The first page of almost any instruction manual is going to list out all the parts and tools you have and what you need, and I’ve already made a few decisions on what you’ll need to follow me along. Now the big caveat is that since this is not already a finished product, some of these tools might not actually be the ones that get used in the end! Maybe something new will come out in the next few weeks. Well, there’s almost a guarantee that more than one new AI framework tool will come out in the next few weeks, but maybe it’ll easily drop in and be perfect for what I need.

So this is a “the things I’m starting with, and the direction I’m heading” kickoff.

Tools I’m planning on using (and why):

RedisVL (Redis Vector Library) is “the ultimate Python client designed for AI applications harnessing the power of Redis”; so stated in the readme, so shall it be. This tool makes starting an AI app backed by Redis incredibly simple. RedisVL has built in integrations with popular embedding providers like HuggingFace, Cohere, and OpenAI (among others). This means that while you still have to pick a model and install it, instead of you as the developer trying to get two different things to talk to each other, RedisVL developers have figured it out for you.

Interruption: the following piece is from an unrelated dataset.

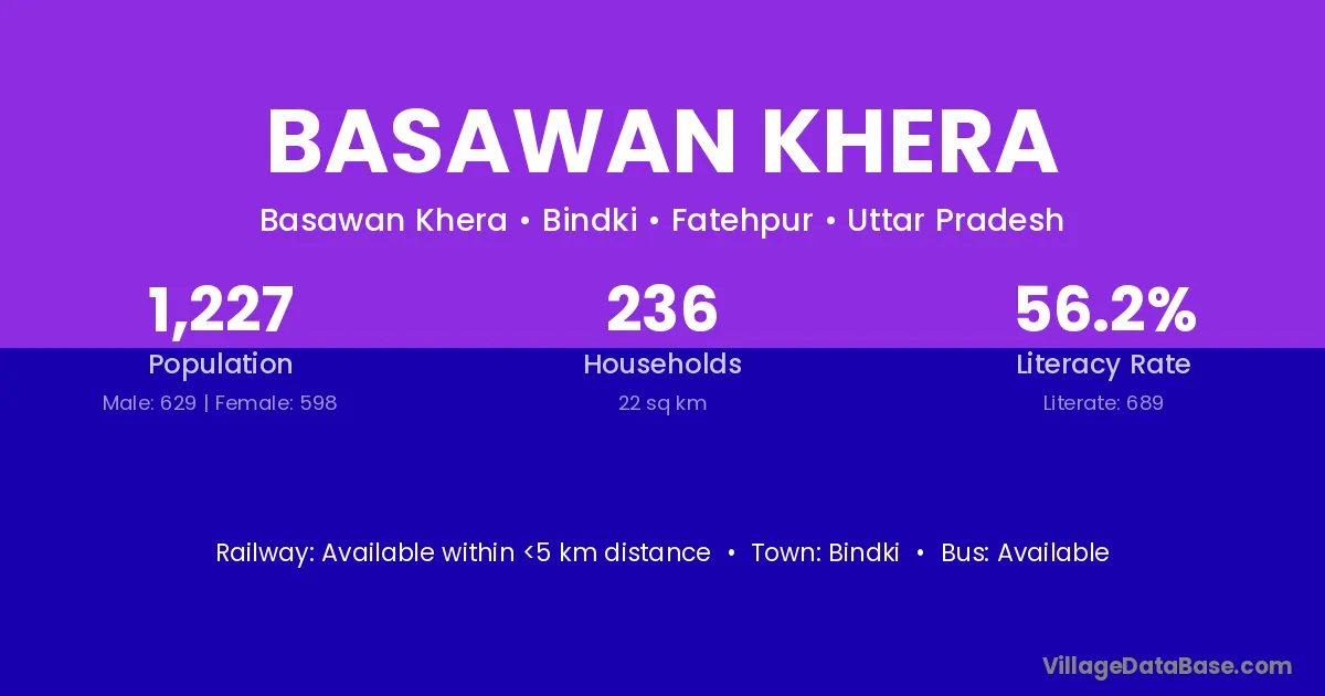Basawan Khera village has a total population of 1,227 people, of which 629 are males and 598 are females.
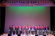 (거창/최병일) = 거창군 거창읍(읍장 전덕규) 주민자치위원회(위원장 김판남)는 지난 2일 저녁 거창문화원에서 2017년 프로그램 수강생들의 기량을 뽐내기 위한 주민자치 프로그램 발표회를 열었다. 이날 행사는 여러 기관단체장들과 500여 명의 읍민이 모인 가운데 마중소리 난타팀의 식전공연을 시작으로 진행했다. 지난 거창한마당대축제에서 행복나눔, 이웃사랑 모금 부스를 운영해 모은 수익금 전액을 어려운 이웃을 돕기 위해 기탁했다. 나현재 노래교실, 하모니카 교실, 줌바댄스, 지난 거창군 프로그램 경연대회에서 우승한 시니어라인댄스팀이 공연을 했다. 문화원 로비에는 캘리그라피반의 작품 전시회를 열어 그간의 실력을 뽐냈다. 마지막 공연은 거창읍 주민자치위원회 위원들이 옷을 맞춰 입고 ‘아! 대한민국’을 부르며 합창과 감사인사로 막을 내렸다. 김판남 위원장은 “이번 주 일요일 5일 오전 10시부터 오후 3시까지 읍사무소 앞 잔디광장에서 칼갈이, 빈화분심어주기, 구두수선, 이혈서비스를 하는 주민서비스의 날도 운영할 계획이니 많은 관심과 참여를 바란다”고 말했다.

The model itself is the piece that’s most subject to change. I chose HuggingFace for now because they have a multi-modal model (clip-ViT-L-14) and RedisVL has a HuggingFace integration. I want to do both text and image embeddings for this project, and a model that does both makes that sound a lot easier. HuggingFace is well known and doesn’t seem to be going anywhere. Which is important! Not that the stakes for this project are anywhere near as high, but I’ll always avoid tech that seems so buzzwordy and out there that it risks leaving its users with bionic eyes and no support for them.

I’ve seen Gradio all over recently - and am frankly just wanting to try it out. Their website makes it seem so incredibly simple and as a primarily Python developer, frontends scare me.

So what else?

I don’t know if you’ve ever gathered all your supplies, gotten super excited and started working on a project, only to realize that the glue sticks you bought don’t actually fit into the glue gun you're using, but I have. So the next step was to see if I could get the most minimally viable project in the history of MVPs working. RedisVL currently only supports embeddings for text, but you’ll find an experimental fork on my GitHub that literally only has a check for string type commented out to make this work for now. But don’t forget, type checks keep things from falling over like they got hit by a tank and help ensure things fail gracefully. I’m hoping for some changes to be implemented in that library that would make it so you don’t have to run an experimental fork for this to work and will be updating my code as they update RedisVL.

Now feast your eyes on the gorgeous application that lets you do text search over a whole host of images (there are currently six) and returns the vector distance and the image names in search relevance order! You then get to go lookup what they look like and decide for yourself.

But here you can see I searched “strawberries in a bowl” and the top result is in fact the image I so creatively titled “strawberries_white_bowl_brown_background”.

Also on my GitHub you’ll find a demo for this app - now, don’t forget what you’re looking at right above this. There’s not even a requirements.txt just yet, and you’d need to use the experimental fork of RedisVL that’s down a sanity check to make sure the models can do what you’re asking them to. But you can check it out yourself and see that by using Gradio and RedisVL, getting from images to embeddings to searching took ~60 lines of code.

What’s next?

Up next I’ll be searching for larger datasets, looking at what makes a dataset good for this type of project, and going into the different types of vector similarity (but only to a level that’s relevant). I’ll also be getting (at least) the closest result image to display on the web page so you can see how you think the search went without having to cross reference what you named your images.

So keep reading for things I learned this week, and drop a comment if you have recommendations for dataset searching (aside from Kaggle as that’s where I’m starting), have thoughts on what makes a good dataset for an image / text vector search app, or just to say hey.

And in case you’re curious why all the images I have this week are of strawberries, you can check out my first post on why LLMs don’t know how many “r”s are in “strawberry”.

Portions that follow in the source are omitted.